The author reports a rare case of sarcomatoid carcinoma with an emphasis on immunohistochemical features. A 79-year-old man was admitted to our hospital because of hematuria. An endoscopy revealed a large polypoid tumor in the bladder, and urine cytology demonstrated malignant cells. A cystectomy was performed. The patient is now alive without metastasis 4 months after the operation. Grossly, a large polypoid tumor (5 x 6 x 5 cm) was present in the bladder. Microscopically, the tumor consisted of high-grade transitional cell carcinoma element (10% in area) and sarcomatoid element (90% in area). There was a gradual transition between the two. The tumor cells were invaded into peribladder tissue (pT3b). Immunohistochemically, the sarcomatoid element was positive for four types of pancytokeratins, high-molecular weight cytokeratin (CK), CK5/6, CK7, CK18, CK19, epithelial membrane antigen (EMA), vimentin, p53 protein, p63, Ki-67 (labeling = 92%), neuron-specific enolase (NSE), and platelet-derived growth factor receptor-alpha (PDGFRA).
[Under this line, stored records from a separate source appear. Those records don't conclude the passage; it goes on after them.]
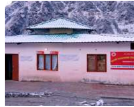
श्री केदारनाथ धाम सितम्बर 2019
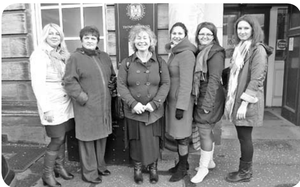
Latvijas delegācija pie Edinburgas universitātes.
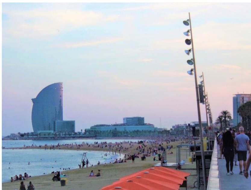
ill. 1 : Port et plage touristique de Barcelone. Photographie de Patrice Ballester (2015).

Concernant Marseille, l'opération Euroméditerranée couplée à l'organisation de la Capitale européenne de la culture en 2013 impose de fait une nouvelle image de la ville, dynamique et accessible avec un réseau LGV de qualité et l'axe Paris-Lyon-Marseille renforcé 15 . La ville consolide son image et des représentations positives lui sont associées à travers par exemple le classement parmi les trois destinations françaises préférées des internautes par le site TripAdvisor en 2014. La cité phocéenne devient une des quatre métropoles les plus demandées sur les recherches des internautes 16 . En 2014, Marseille, dépassant Naples, devient le cinquième port de croisière de Méditerranée, après Barcelone, Civitavecchia, Venise et les îles Baléares.
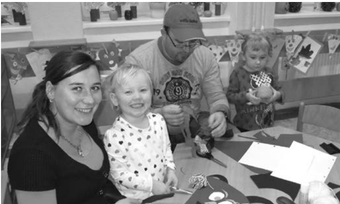
Do výroby se zapojila celá rodina
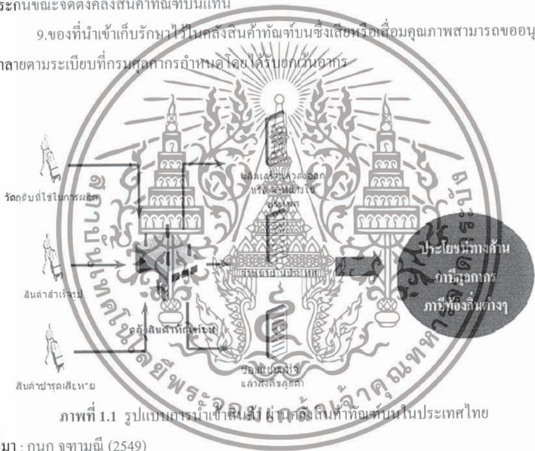
ภาพที่ 1.1 รูปแบบการนำเข้าสินค้า ผ่านคลังสินค้าทัณฑ์บนในประเทศไทย

9. ของที่นำเข้าเก็บรักษาไว้ในคลังสินค้าทัณฑ์บนซึ่งเสียหรือเสื่อมคุณภาพสามารถขออนุมัติทำลายตามระเบียบที่กรมศุลกากรกำหนดโดยได้รับยกเว้นอากร
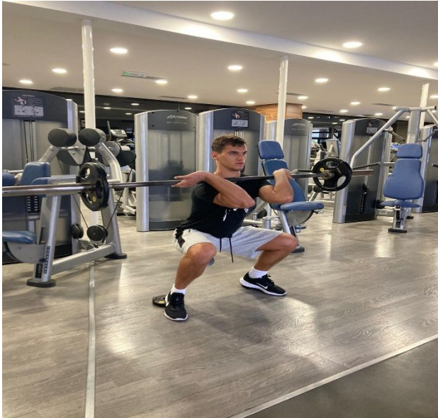
Slika 9. Izvođenje prednjeg čučnja
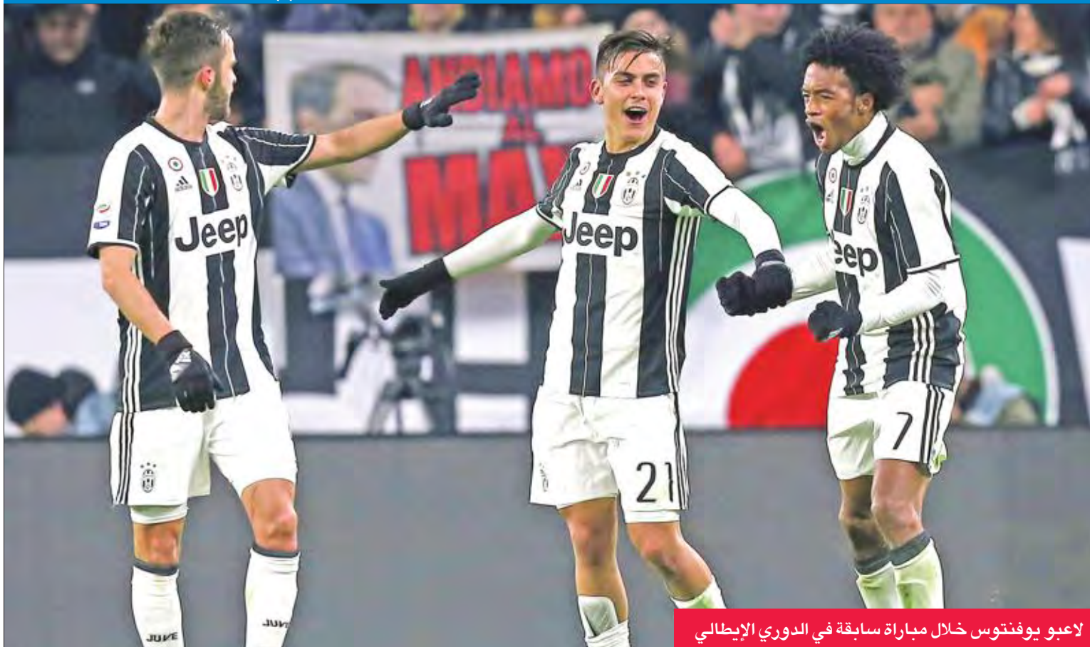
لاعبو يوفنتوس خلال مباراة سابقة في الدوري الإيطالي

تبدو الفرصة سانحة أمام يوفنتوس للاقترب من لقبه السادس على التوالي عندما يواجه ضيفه المتواضع إيمبولي اليوم، في المرحلة السادسة والعشرين من الدوري الإيطالي. ويدخل يوفنتوس مباراته مع إيمبولي القابع في المركز السابع عشر لكن بفارق 8 نقاط عن منطقة الخطر، بمعنويات مرتفعة بعد الفوز الثمين الذي حققه الأربعاء في معقل يورنو البرتغالي في ذهاب الدور ثمن النهائي من مسابقة دوري أبطال أوروبا. وقطع فريق المدرب ماسيميليانو اليغري أكثر من نصف الطريق نحو الدور ربع النهائي بعد فوزه خارج قواعد أفضل البدلين الكرواتي ماركو بياتسا والبرازيلي داني الفيش اللذين سجلا الهدفين في الدقيقة 72 و 74 بعد ثوان معدودة من مشاركتهما في المباراة. واستحق يوفنتوس الفوز خارج قواعد، لأنه كان الطرف الأفضل حتى قبل تفوقه العددي وحصل على العديد من الفرص دون أن ينجح في ترجمتها، قبل أن يلعب بياتسا والفيش دور المظليين بحسمهما اللقاء في غضون دقيقة.
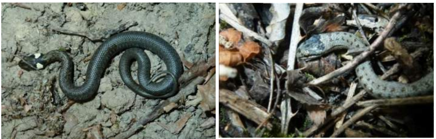
Abb. 7.4: Junge Ringelnatter (links), Junge Schlingnatter (rechts).

Gelegentlich trifft man im Vorgebirge Schlingnattern (s. Abb. 7.4 rechts und [3]) an, deren Zeichnung an die von Kreuzottern erinnern kann. Sie jagen kleine Reptilien, Amphibien und Kleinsäuger wie z.B. Mäuse. Schlingnattern beißen nur, wenn man sie fängt, sind aber wie die
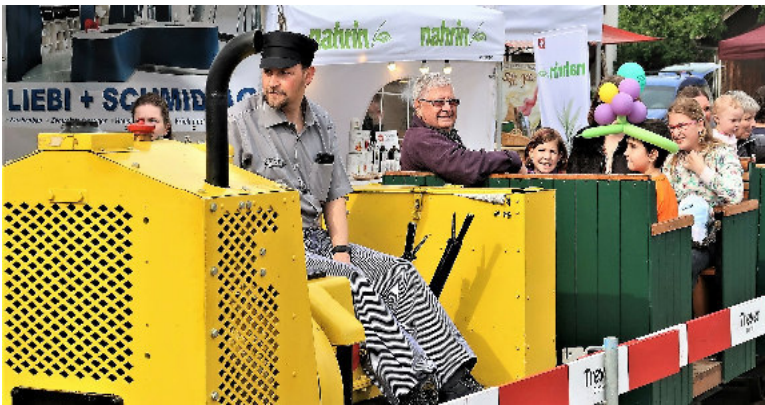
Strahlende Gesichter auf der Bergwerkbahn.

DIE BERGWERKBahn bildete an der Gewerbearena Herznach vom 17. bis 19. Mai 2019 eine Attraktion, die Goss und Klein anzog und zu einer Fahrt anlockte. Der Aufwand der VEB-Bahngruppe für Aufbau, Betrieb
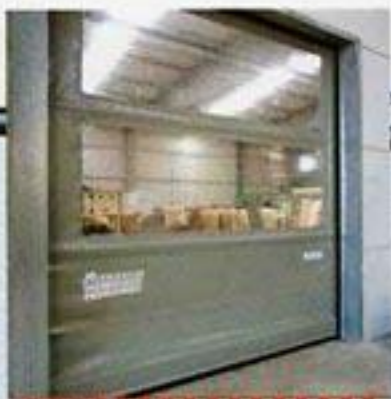
BATINSA / Surocork. Especialment útil per a les divisions interiors de nous de grans dimensions. Permeten la circulació constant de vehicles (transpalets, toros, ...) així com el manteniment de diferents temperatures.

Conjunt de portes de tancament interior i exterior. En primer pla una porta corredissa i una porta basculant industrial tipus sandvitx, ambdues folrades de doble capa lacada blanca i amb poliuretà expandit a l'interior. Especialment dissenyades per a alta seguretat del tancament de les obertures de les vies on s'ubiquen les portes ràpides de lona. Aquestes últimes són portes molt resistents a les inclemències meteorològiques i estan dotades de finestretes per a l'entrada de llum i per a la visibilitat.

It was negative for CK14, CK20, melanosome, carcinoembryonic antigen (CEA), desmin, S100 protein, myoglobin, alpha-smooth muscle antigen (ASMA), CD34, chromogranin, synaptophysin, CD56, CD68, and KIT. The transitional cell carcinoma element showed similar immunoreactivity except for negative CK5/6, positive CK20, and negative vimentin. A molecular genetic analysis of KIT gene (exons 9, 11, 13, and 17) and PDGFRA (exons 12 and 18) gene with the use of PCR-direct sequencing showed no mutations. The present case is the first report of sarcomatoid carcinoma of the urinary bladder demonstrating extensive immunohistochemistry and mutational status of KIT and PDGFRA genes. The sarcomatoid carcinoma in the present case may be derived from sarcomatous differentiation of high-grade transitional cell carcinoma.